Panafrican News Agency

CAR faces tough socioeconomic situation in governance reforms: IMF

Bangui, CAR (PANA) – Despite the particularly difficult socioeconomic context and significant financing needs, Central African Republic (CAR) continues to implement public finance management and governance reforms, according to International Monetary Fund (IMF) staff who visited Bangui from 10 to 17 July, 2024.

In the very short term, the main challenges concern the country's fuel supply and the control of budgetary risks, the IMF team reported.

The implementation of the reforms planned under the CAR programme supported by the Extended Credit Facility (ECF) remains the best path to macroeconomic stabilisation in the medium term, the team said after taking stock of the recent macroeconomic developments and the implementation of structural reforms.

Led by Mr. Albert Touna Mama, the team discussed with the CAR officials budget allocations for the upcoming revised 2024 finance law.

In a statement at the end of the discussions, Mr. Touna Mama remarked that the positive progress in domestic revenue mobilisation since the start of the ECF programme continued, reaching a record level of CFAF 80 billion during the first half of this year. 
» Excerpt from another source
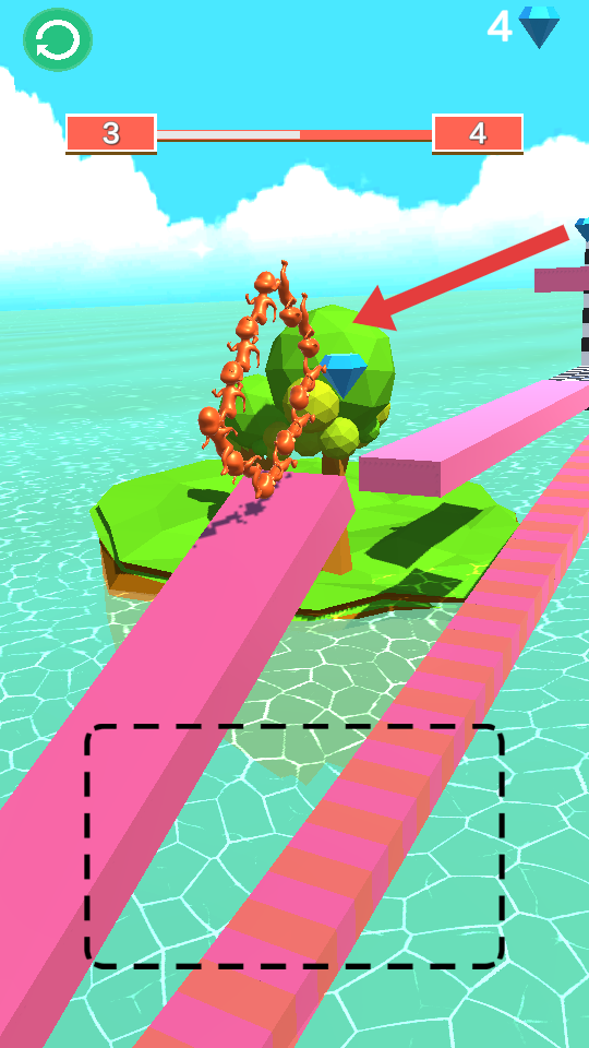 3、推进关卡,灵活调整人形链条的形态和移动速度,利用链条的柔韧性来跨越障碍,收集钻石并抵达终点。
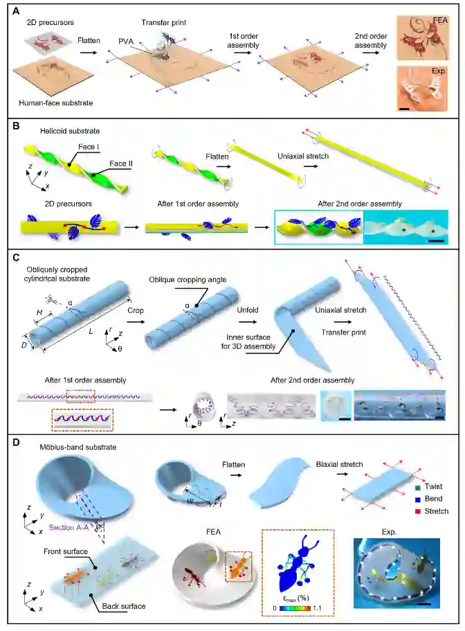 本研究介绍了一种有序的组装策略,可以在不同的弯曲表面上将二维薄膜转化为复杂的三维结构。该策略利用预定机械负载,使弯曲的弹性体基底变形为平面/圆柱形结构,然后通过额外的单轴/双轴预拉伸来驱动扣弦引导的组装。

He said that the prospects for budget financing also continue to improve, aided by ongoing discussions with technical and financial partners, which could lead to new budget support programmes. 

Likewise, fiscal reform has gained momentum, as illustrated by the strategic orientations resulting from the recent seminar on digital reforms organised by the Ministry of Finance and Budget. 

“However, significant challenges continue to weigh on the economic outlook and public finances. A first major and recurring challenge concerns the fuel supply campaign via the Ubangi River which is still struggling to get started. A failure of this campaign, for the third consecutive year, would contribute to slowing down economic activity, hampering government revenues, and delaying macroeconomic stabilisation by at least two semesters given CAR’s import structure,” he pointed out.

“Another major challenge,” Mr. Touna Mama noted, “concerns the control of budgetary risks, in particular pertaining to weaknesses in budget planning and execution.” He said these risks have already led to significant overspending during the first half of this year. The upcoming revised budget will therefore be an opportunity to take all appropriate measures to adapt to the economic situation and maintain a balanced budget.   

“Our macroeconomic projections remain anchored on a gradual acceleration of economic activity to 1.4% in 2024 and 2.9% in 2025. However, these growth prospects will depend crucially on the country's fuel supply and the effective implementation of the reforms planned under the ECF programme”. Mr. Touna Mama added.